Dallapiccola and Giuseppe Tartini were born, some 300 years apart, in nearby towns on peninsula of Istria, a region that takes great pride in its regional favorite sons, in part because it national identity has been more fluid. Istria was controlled by Venice in Tartini’s time, Austria-Hungary at the time of Dallapiccola’s birth, and has been divided between Croatia, Slovenia, and Italy since the breakup of Yugoslavia,  Giuseppe Tartini’s memory and work endure in Istria to this day, and is not unlikely that Dallapiccola had childhood memories of Tartini's music.

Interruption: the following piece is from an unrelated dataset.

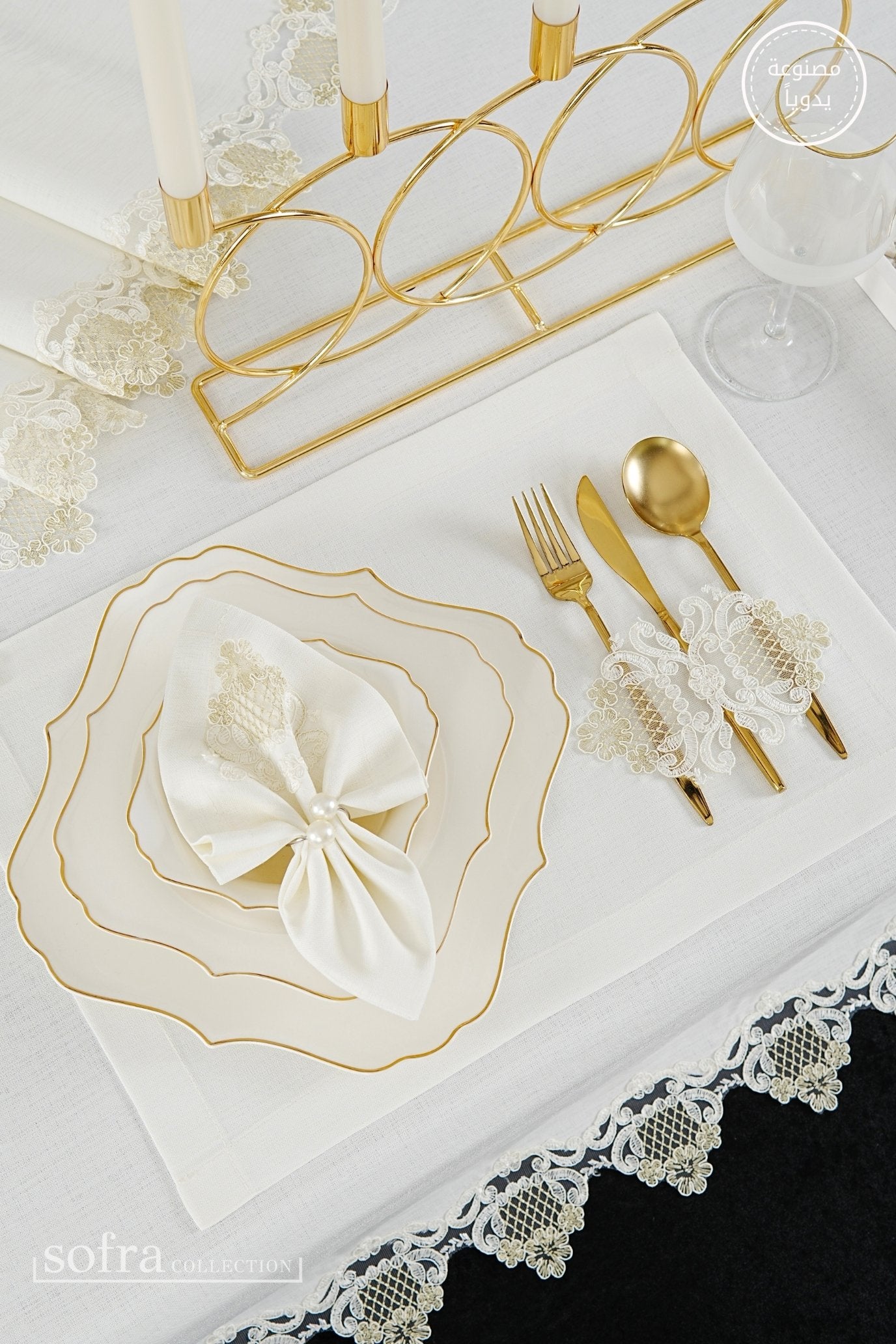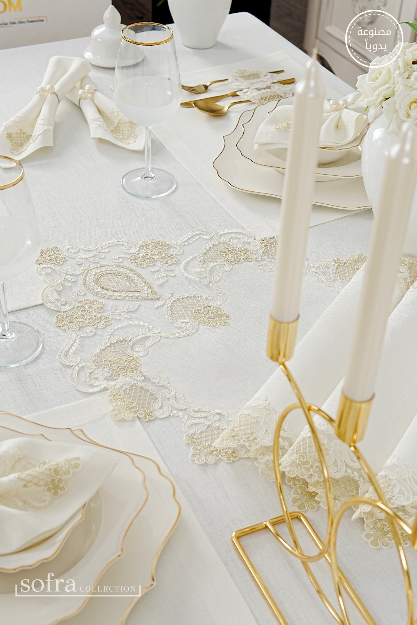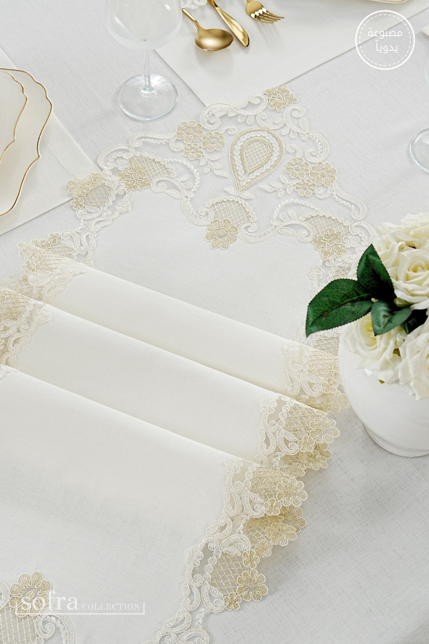 • رانر مزين بالدانتيل (قطعة واحدة) – يصمم ليتناسب مع مقاس الطاولة

It was, however, violinist Sandro Materassi who encouraged Dallapiccola to reimagine Tartini’s Baroque violin sonatas (he wrote over 100 of them) as modern serialist works.  Materassi supploed Dallapiccola with copies of many of Tartini's compositions.  Dallapiccola proceeded to manipulate Tartini's diatonic themes into tone rows while preserving the emotional character, style, and instrumental color of Tartini's original works.The success of an earlier Tartiniana (1951) that led, five years later, to Tartiniana Seconda.  The result is an accomplished work that fuses the Baroque with modern contrapuntal sensibilities.

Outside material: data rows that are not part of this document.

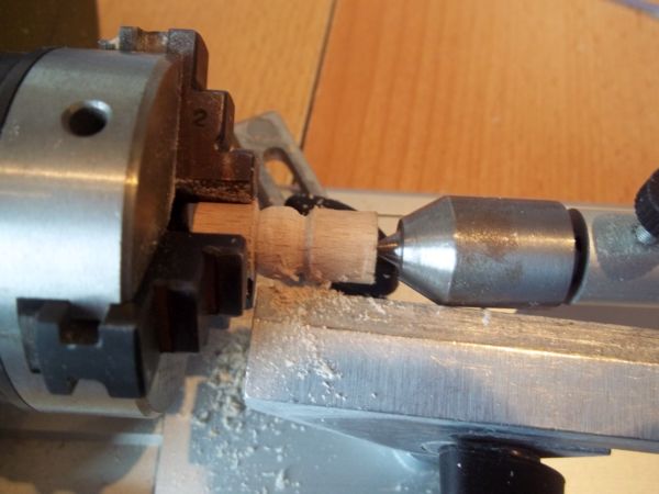 Ein fuß für das teil.zack rums drechselbank raus,holz eingespannt und los gehts.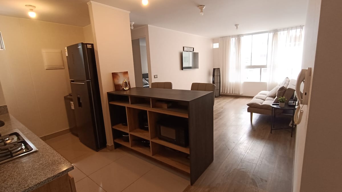 Ifulethi lesimanje nelithokomele linefenisha ephelele enkabeni ye-Miraflores (Av. U-José Pardo), izitebhisi ezisuka e-Kennedy Park, e-esplanade nase-Larcomar. Ilungele ezokuvakasha noma umsebenzi. Inamakamelo okulala angu-2: eyinhloko enombhede omkhulu nenye yesibili enombhede kasofa onezihlalo ezingu-2 kanye nesinye isihlalo esingu-1.5. Igumbi lokuphumula elinombhede kasofa osayizi wendlovukazi kanye novulande onendawo engaphandle. I-WiFi enejubane eliphezulu, ikhishi elinakho konke, i-Smart TV, i-pool, ijimu nokuqapha okungu-24/7.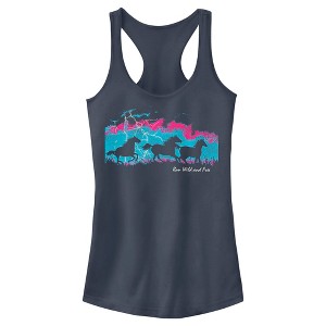 • Strut your stuff with this stylish new juniors' racerback tank top that is perfect for every occasion! Featuring a herd of horses running across the front, the text: "Run wild and free," and a lighting storm in the background.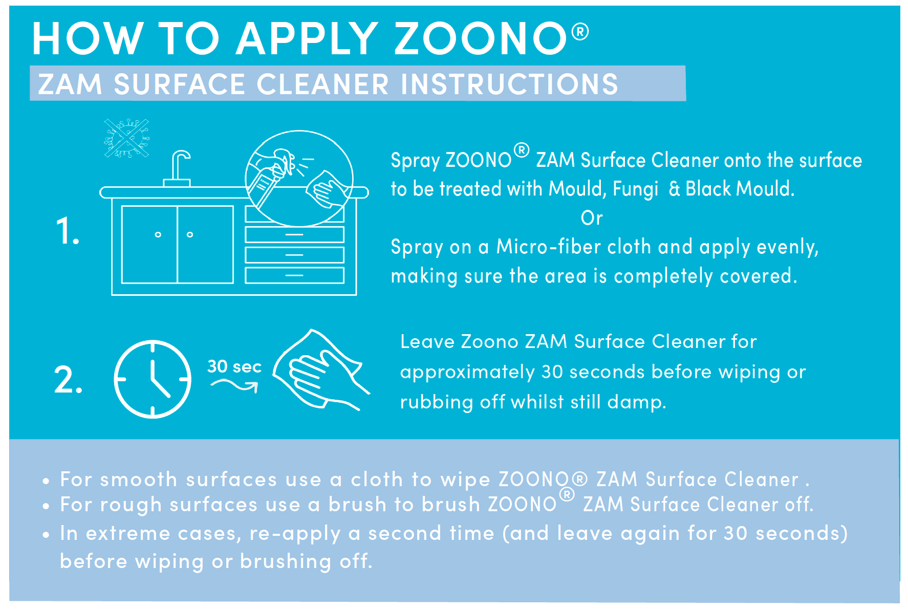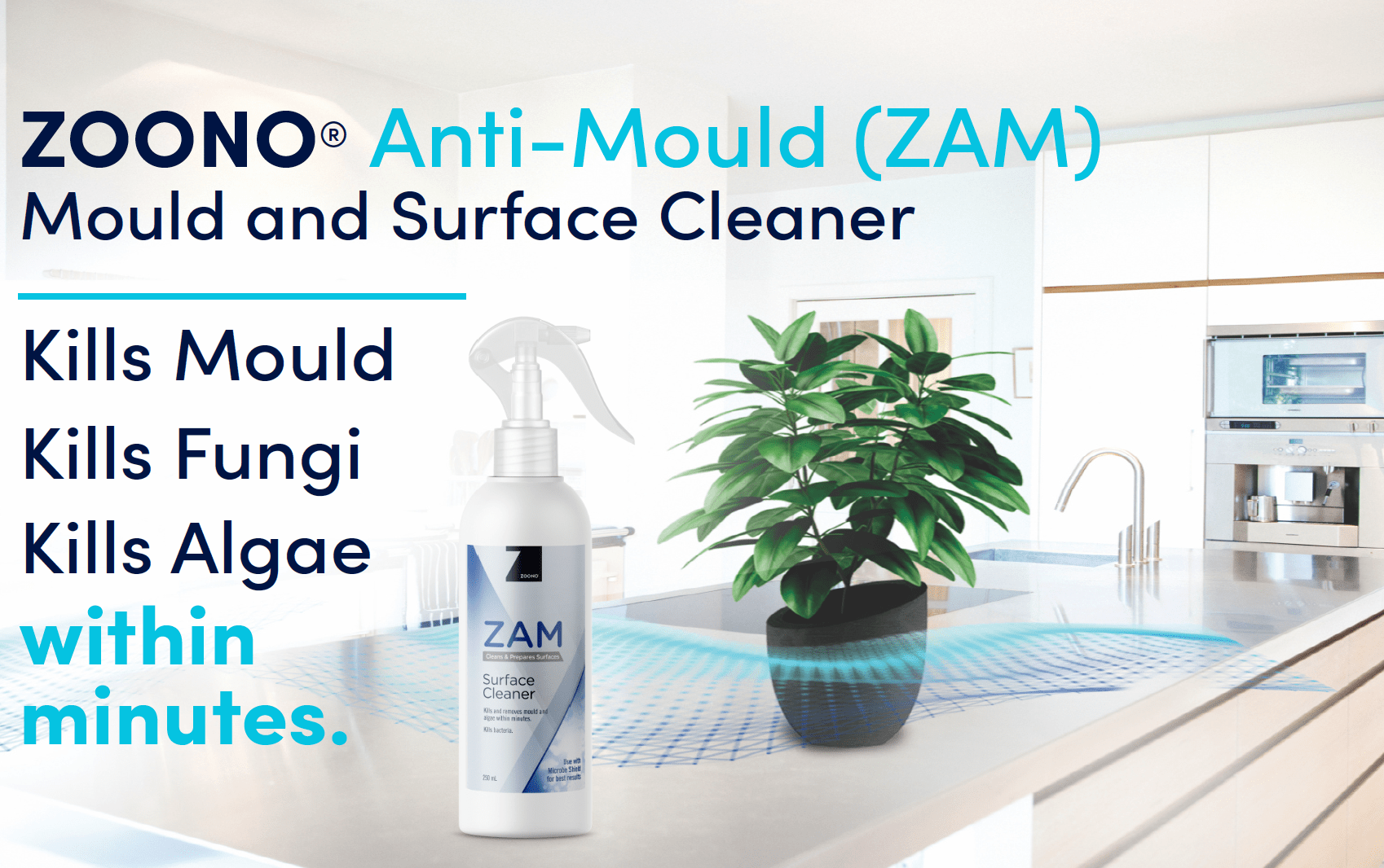 Zoono Anti-Mould (ZAM) Mould cleaner is ideal for protecting floors, kitchens and all surfaces where mould may be present.

The first movement (Pastoral) opens with a sad and lyrical theme that intertwines with portions of itself.  The second movement features virtuosic violin techniques that Tartini, an acclaimed violinist who sought to dazzle audiences with technically demanding ornamentation, including double stop trills that remain difficult even for modern violinists.  The rhythmic second movement, Bourree, includes a full complement of Baroque ornamentation on the violin.  Tone row-style manipulations of the theme grow ever more complicated in the third movement (Presto leggierissimo), but the movement still scampers and frolics.  The final movement ("Variations") stretches the limits of serialist thematic manipulation by counterposing different variations from Tartini's Sonata in A minor against each other.  


Gabriel Fauré (1845-1924)

Piano Quartet No. 1 in C minor, Op. 15 (1883)

Gabriel Fauré, considered by many to be the most influential French composer of the late 19th and early 20th century, is sometimes compared with his German contemporary, Johannes Brahms.  The comparison is apt at several levels. Both wrote successfully in a wide range of musical genres. Both produced large numbers of popular songs. Both are particularly well known for choral works (especially their frequently performed Requiems).  And the piano quartets each composed are cornerstones of the chamber music repertoire.

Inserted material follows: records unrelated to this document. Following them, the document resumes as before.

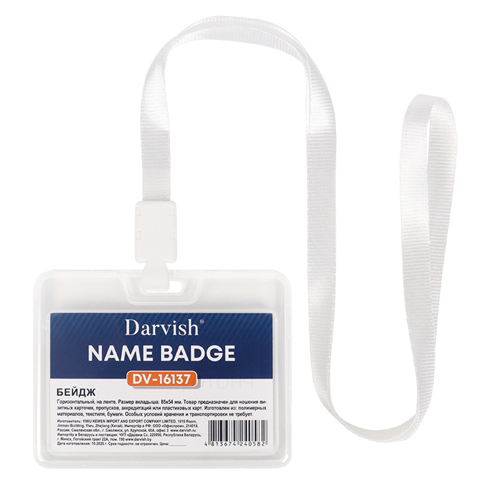 Бейдж на ленте горизонтальный. Размер вкладыша: 85*54 мм. Предназначен для ношения визитных карточек, пропусков, аккредитаций или пластиковых карт. Упаковка 12шт-пакет.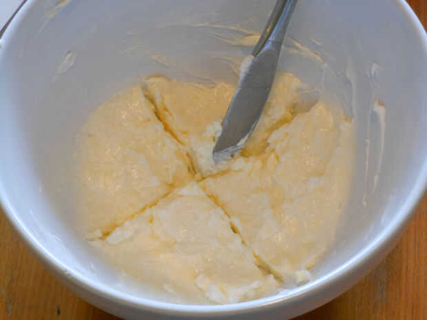 1. en un tazón, combine la mantequilla y manteca hasta homogeneizada. Usando un cuchillo, dividir esta grasa mezcla en cuatro porciones iguales.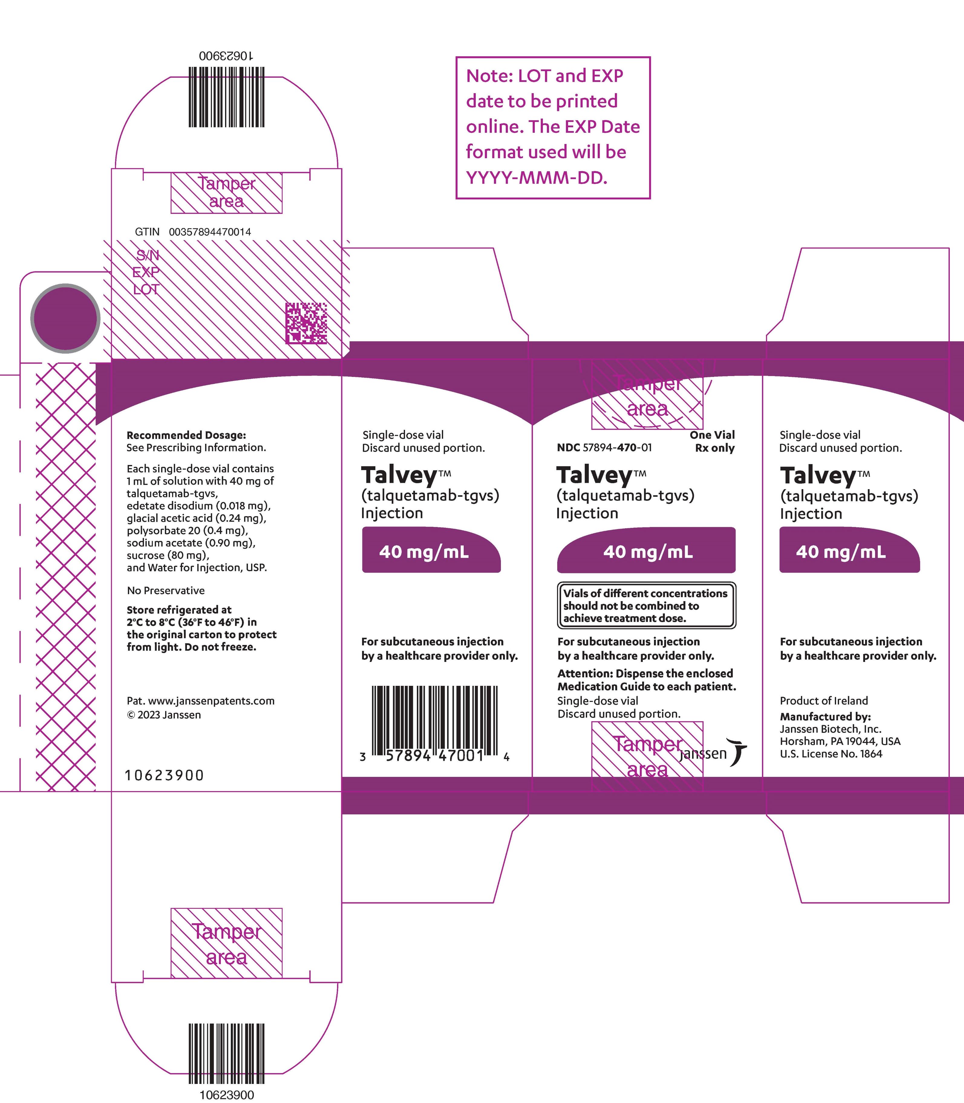 This text provides information about a medication called Talvey™ (talquetamab-tgvs) in the form of an injection. It includes details about the recommended dosage, ingredients, storage instructions, and precautions. The medication is intended for subcutaneous injection by a healthcare provider only. The text also mentions that vials of different concentrations should not be combined and unused portions should be discarded. The product is manufactured by Janssen Biotech, Inc. in the USA.*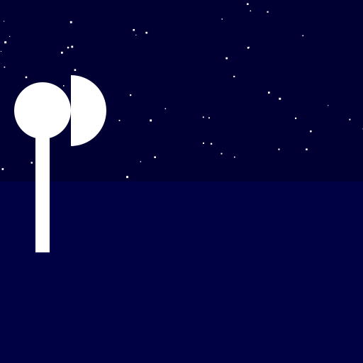// Dark Sky with Stars, Ocean, Beacon, and Mirrored Half Moon

As was the case when Shostakovich wrote his cello sonata (described above), this quartet is written against the background of love’s turmoil.  Fauré started work on the C minor Piano Quartet in 1876, in the midst of his five year quest to win the heart of Marianne Viardot. He didn’t finish the work until 1879.  In 1877 they became engaged, but Marianne broke it off within four months. It is generally held that the distress of the broken engagement strongly informs the superb third movement, Adagio.  

Fauré extensively revised this quartet, especially the 4th movement, four years after its completion in 1879 and initial performance on February 14, 1880.  It is the 1883 version that will be performed today.

The first movement, Allegro molto moderato, contrasts a vigorous melody with a delicate theme in E♭ major (later C major) with lightly stressed off-beats.  The movement is both lively and dignified, with florid piano writing. In the second movement, Scherzo, Allegro vivo, Fauré, who generally eschews brilliant instrumental display, delivers a rare virtuoso piece.  At different points the strings play pizzicato and are muted, yet the whole movement sparkles. The scherzos contrast principal themes in E♭ major and G minor. The central trio is in B♭ major.

Fauré works through the grief of unrequited love In the superb Adagio third movement.  It starts in C minor with a sad air of tragedy, but later warms to an A♭ major central theme before returning to C minor as it echos of the movements tragic opening.  Optimism returns as the finale, Allegro molto, contrasts the driving rhythms in the piano with soaring melodies that leads to a joyous coda. An initial C minor theme that recalls themes in prior movements contracts against a tonally ambiguous theme primarily in E♭ major.  The themes come together in C major to conclude the piece.